Key Gainers and Losers

Among the top performers in the Sensex pack were Bajaj Finserv, Bajaj Finance, IndusInd Bank, Axis Bank, Nestle, and Tata Steel. On the other hand, UltraTech Cement, Mahindra & Mahindra, NTPC, HCL Tech, Tech Mahindra, and Tata Motors were the major laggards.

Market Factors Driving Volatility

Market sentiment remained shaky as foreign institutional investors (FIIs) offloaded equities worth ₹3,529.10 croreon Tuesday, as per exchange data. The Indian stock markets remained closed on Wednesday due to Mahashivratri.

Analysts predict heightened volatility as traders roll over their February futures and options (F&O) contracts, set to expire today. "Uncertainty over tariffs and relentless FII selling continue to weigh on investors' minds, raising fears of an extended market downturn," said Prashanth Tapse, Senior VP (Research), Mehta Equities Ltd.

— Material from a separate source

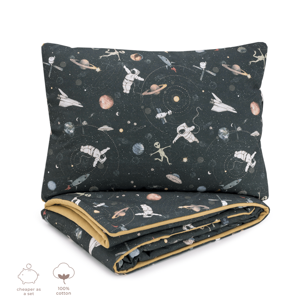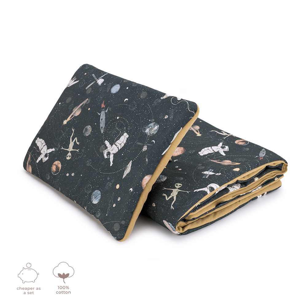Jedna strona, wykonana jest z najwyższej jakości płótna bawełnianego w autorski wzór. Druga strona, to mięciutka i delikatna dzianina bawełniana przyjazna delikatnej skórze dziecka.

On a positive note, falling crude oil prices provide some relief. WTI crude dipped towards $69 per barrel, which could help ease inflationary concerns.

Global Market Trends

In Asia, Tokyo traded in positive territory, whereas Seoul, Shanghai, and Hong Kong saw declines. Meanwhile, US markets closed on a mixed note on Wednesday.

Brent crude, the global oil benchmark, rose 0.33% to $72.77 per barrel.

Previous Session Recap

On Tuesday, the Sensex gained 147.71 points (0.20%), closing at 74,602.12, while the Nifty fell for the sixth consecutive session, slipping 5.80 points (0.03%) to end at 22,547.55.

With ongoing FII sell-offs and derivative contract rollovers, market volatility is expected to persist, keeping investors on edge.